For this experiment, University of Iowa researchers donated retired colony mice, with various genetic modifications on C57BL/6J and BALB/c backgrounds and without significant phenotypic effects on housing or behavior. Mice (age, 8 to 24 mo) were housed 4 or 5 per cage; 4 cages of 5 male mice and 20 cages of 4 or 5 female mice were used. To evaluate whether filters clogged or deteriorated with use, resulting in altered air quality, 10 cages were outfitted with new filters and 10 cages with filters randomly selected from those in active use in the facility. The ammonia level within the unopened cage was tested immediately after its removal from the IVC rack, prior to changing of the cage bottom (dirtiest cage conditions). Test strips (Hydrion Ammonia Test Paper, Micro Essential Laboratory, Brooklyn, NY), in which color change occurred at 5, 10, 20, 50, and 100 ppm, were used to evaluate ammonia levels. Test paper was moistened with sterile water according to the assay directions and inserted through the grommet hole at the end of the cage by using 12-in. steel forceps. The paper was held in the center of the cage for 15 s, after which the paper was withdrawn and immediately compared with the color chart to determine the ammonia concentration (in ppm) of the intracage air environment. A positive control test was performed at each assay time point by applying 10 μL of household ammonia to the paper bedding in an empty, freshly bedded cage; placing a filter top over the cage; and allowing 60 s for diffusion. After 60 s, the filter paper was inserted, and a prompt color change indicated an ammonia concentration of 10 ppm above the center of the cage.

Each cage bottom, including bedding, was changed at 14-d intervals. The same filter top and wire lid were used continuously for more than 6 wk, as described earlier.

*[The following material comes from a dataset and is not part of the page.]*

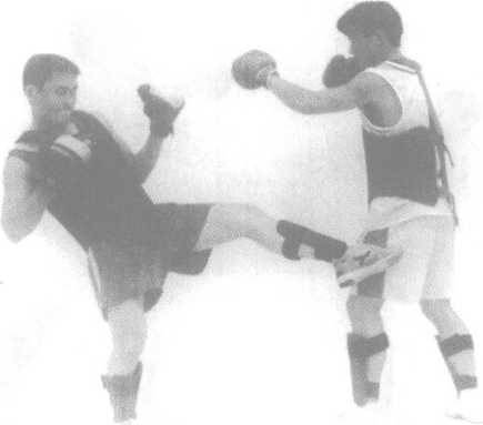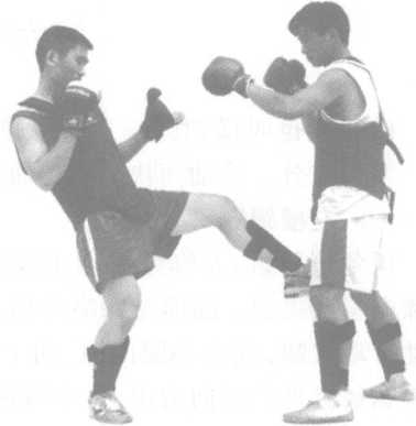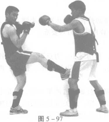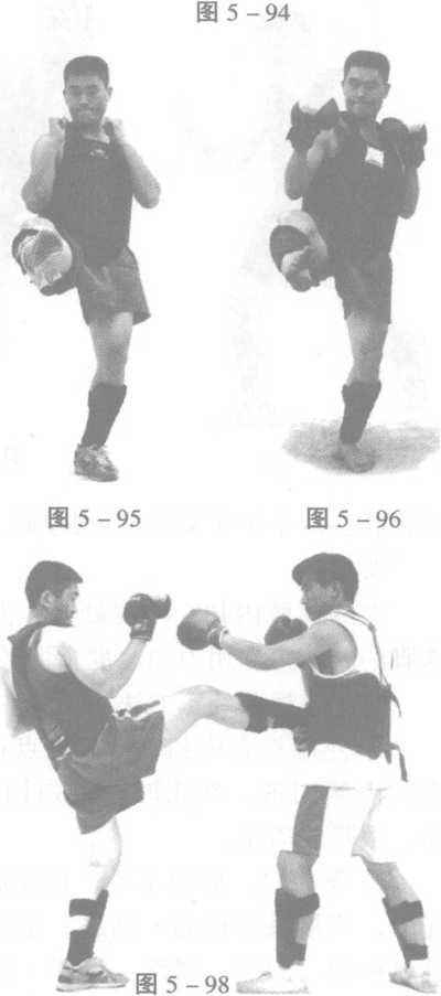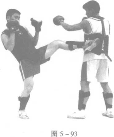 预备势开始,重心后移至右腿,同时,左腿屈膝上提。以膝关节为轴,绷脚以 脚背领先,向左前方用力弹踢,膝关节斜向左前方。在接触目标一刹间,绷脚,挺 膝,上体保持实战势。如图5-90、91。要点:起腿要快,弹击要猛,有暴发力。易犯错误及纠正方法:1 没有外翻脚背,发力不准,纠正时,多 体会反弹踢的动作要领。2 挺膝,髓外翻不协调,纠正时,多做击 打练习。实用范例:1 进攻对方的左腿外侧。如图5-92。2 进攻对方的臀部和肋部。如图5-93。3 结合垫步,反弹踢对方右大腿内侧。图 5 - 92如图5-94。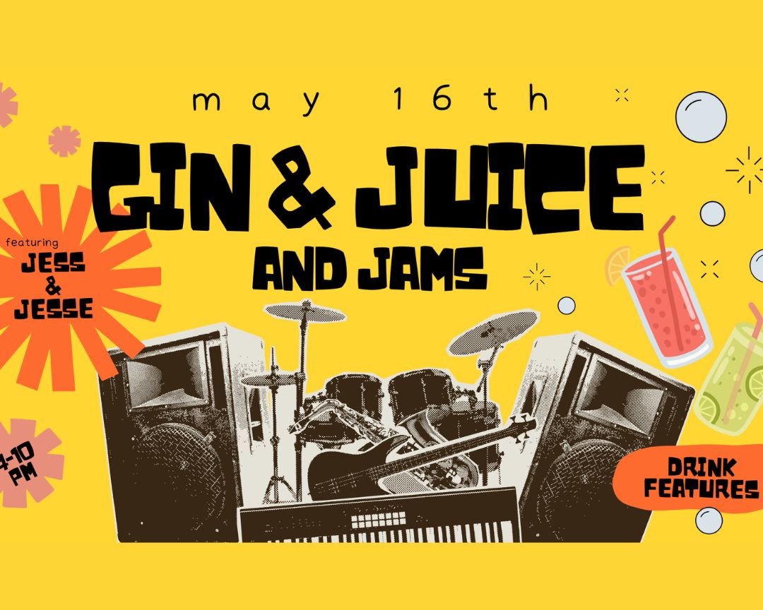 Join us for Gin & Juice and Jams, where good vibes, great music, and refreshing drink features come together for the perfect night out. Featuring live sounds from Jess & Jesse starting at 7pm, expect a laid-back, feel-good atmosphere with beats that keep the energy flowing all evening long.

Blinded welfare assessments.

In addition to daily welfare checks by animal care staff, during which any abnormal appearance or activity was reported to veterinary staff, a clinical veterinarian blinded to cage status evaluated each cage and scored the animals/ appearance and behavior as normal or abnormal, with a detailed description of any abnormality observed. Any appearance of abnormal mouse activity, illness, pain, or distress would have resulted in the removal of that cage from the study; observation of welfare concerns in multiple cages would have resulted in early termination of the experiment. The 40 cages of mice described for the microbiology evaluation were used for the welfare assessments.

Statistical methods.

After a microbiology pilot study was completed, a biostatistician was consulted regarding a power analysis to produce statistically significant results. For a power of 0.80 with an α value of 0.05, the minimal number of cages required was estimated to be 36 (we added 4 more cages to ensure sufficient power). For each test location, microbial load was compared over the 4 time points (2, 4, 6, and 8 wk) by using a Friedman test. Microbial load within each cage was ranked at each time point, and the mean rank was compared among the 4 time points. An overall test was performed to evaluate any effect of time; if this result was significant, then posthoc pairwise comparison was performed, with P values adjusted according to the Bonferroni method. A P value of 0.05 or less was considered statistically significant. All analysis was performed using SAS version 9.4 (SAS Institute Inc., Cary, NC).

Results

Microbiology.

Colony counts at 24 h of aerobic incubation were 0 or 1 for all control cages (empty of animals) and 0 to 140 cfu for occupied cages (Figure 3). After 48 h of incubation, the confluence of bacterial colonies on plates with previous growth resulted in an inability to enumerate the data further. The presence of microbial growth on cage surfaces was expected; the purpose of this study was to identify the point at which a significant increase in microbial levels could be observed after successive weeks without sanitation of the cage top components. The data were compiled and scored by using a Friedman test, which indicated no significant difference (P > 0.05) between microbial loads at either location on the wire lid or food hopper (contact surfaces) and a significant decrease (P ≤ 0.05) in aerobic microbial load between 2 wk and all later time points (4, 6, and 8 wk) at both sampling locations on the filter top.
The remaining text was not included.